■ **Exercise prompt**
Each of the entries below is to be written out exactly, and the images skipped.

■ **Source material**
* * *

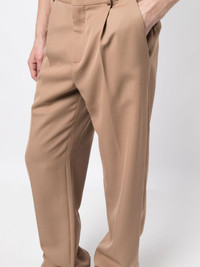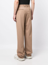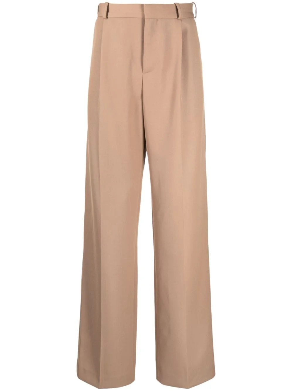 pressed-crease wide-leg trousers Highlights - Khaki - Cotton - Wide leg - Pressed crease - Concealed fly and button fastening - Belt loops - Long length - Two side slash pockets - Two rear jetted pockets Imported Composition Body: Polyester 55%, Virgin Wool 45% Cotton 100% SIZE & FIT Model measurements Height 6 ft 2 in(1.89 m) Bust/Chest 37.4 in(95 cm) Hips 36.61 in(93 cm) Waist 28.34 in(72 cm) FittingInformation Designed for a straight-leg, allowing for an unrestricted and comfortable fit over the leg Made from a midweight non-stretch fabric This piece fits true to size – take your usual size Washing instructions Dry Clean Only
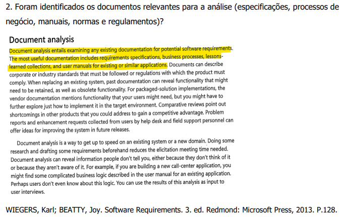 | 02 | Foram identificados os documentos relevantes para a análise (especificações, processos de negócio, manuais, normas e regulamentos)? | WIEGERS, Karl; BEATTY, Joy. Software Requirements. 3. ed. Redmond: Microsoft Press, 2013. P.128. | Img - Item 2 | Angélica |
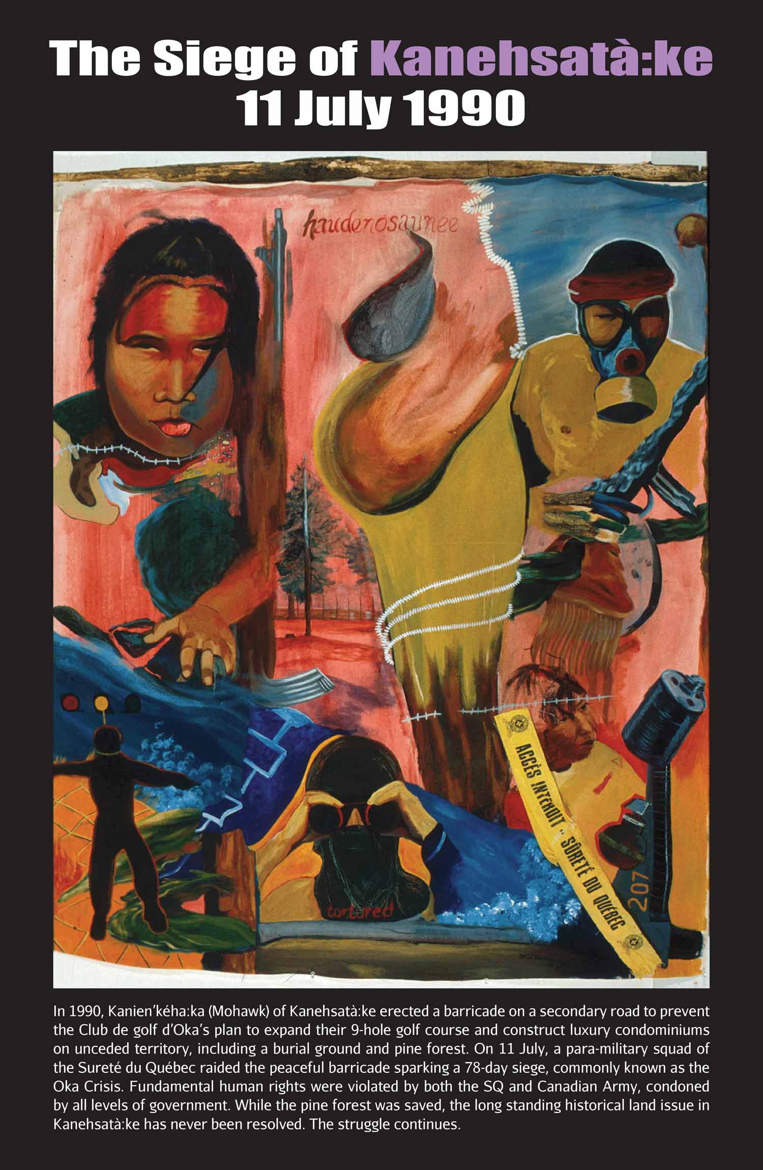 In 1990, Kanien’kéha:ka (Mohawk) of Kanehsatà:ke erected a barricade on a secondary road to prevent the Club de golf d’Oka’s plan to expand their 9-hole golf course and construct luxury condominiums on unceded territory, including a burial ground and pine forest. On 11 July, a para-military squad of the Sureté du Québec raided the peaceful barricade sparking a 78-day siege, commonly known as the Oka Crisis. Fundamental human rights were violated by both the SQ and Canadian Army, condoned by all levels of government. While the pine forest was saved, the long standing historical land issue in Kanehsatà:ke has never been resolved. The struggle continues.
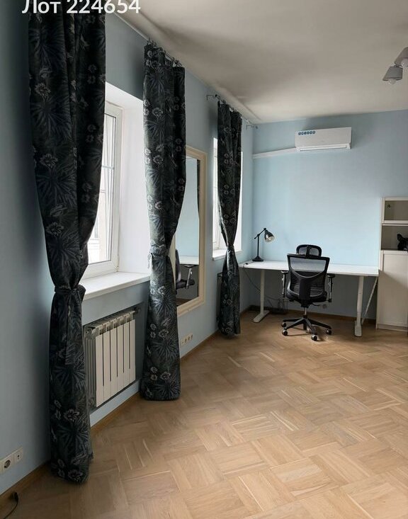 Квартира в отличном состоянии, очень светлая (пятый этаж, в комнате два окна, на кухне изящный балкончик). В комнате установлен кондиционер (сплит система).
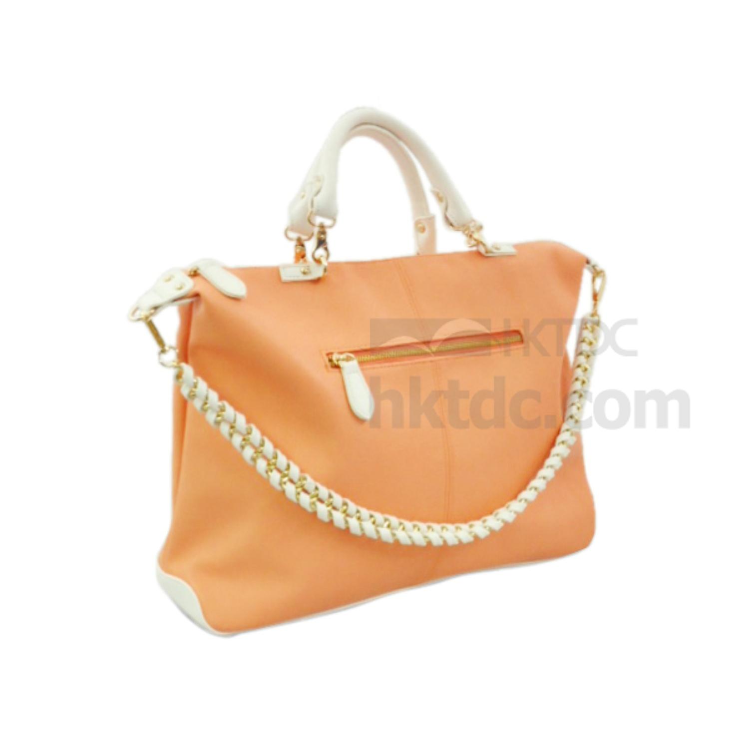The pale peach exterior of this women’s handbag embraces the refreshing spring cheer, bringing in a delightful touch to upgrade your everyday outfits. The durable construct further comprises double grab handles and a detachable chain shoulder strap with twisting delicacies for comfortable carry.

* * *

■ **Exercise solution**
 pressed-crease wide-leg trousers Highlights - Khaki - Cotton - Wide leg - Pressed crease - Concealed fly and button fastening - Belt loops - Long length - Two side slash pockets - Two rear jetted pockets Imported Composition Body: Polyester 55%, Virgin Wool 45% Cotton 100% SIZE & FIT Model measurements Height 6 ft 2 in(1.89 m) Bust/Chest 37.4 in(95 cm) Hips 36.61 in(93 cm) Waist 28.34 in(72 cm) FittingInformation Designed for a straight-leg, allowing for an unrestricted and comfortable fit over the leg Made from a midweight non-stretch fabric This piece fits true to size – take your usual size Washing instructions Dry Clean Only
 | 02 | Foram identificados os documentos relevantes para a análise (especificações, processos de negócio, manuais, normas e regulamentos)? | WIEGERS, Karl; BEATTY, Joy. Software Requirements. 3. ed. Redmond: Microsoft Press, 2013. P.128. | Img - Item 2 | Angélica |
 In 1990, Kanien’kéha:ka (Mohawk) of Kanehsatà:ke erected a barricade on a secondary road to prevent the Club de golf d’Oka’s plan to expand their 9-hole golf course and construct luxury condominiums on unceded territory, including a burial ground and pine forest. On 11 July, a para-military squad of the Sureté du Québec raided the peaceful barricade sparking a 78-day siege, commonly known as the Oka Crisis. Fundamental human rights were violated by both the SQ and Canadian Army, condoned by all levels of government. While the pine forest was saved, the long standing historical land issue in Kanehsatà:ke has never been resolved. The struggle continues.
 Квартира в отличном состоянии, очень светлая (пятый этаж, в комнате два окна, на кухне изящный балкончик). В комнате установлен кондиционер (сплит система).
The pale peach exterior of this women’s handbag embraces the refreshing spring cheer, bringing in a delightful touch to upgrade your everyday outfits. The durable construct further comprises double grab handles and a detachable chain shoulder strap with twisting delicacies for comfortable carry.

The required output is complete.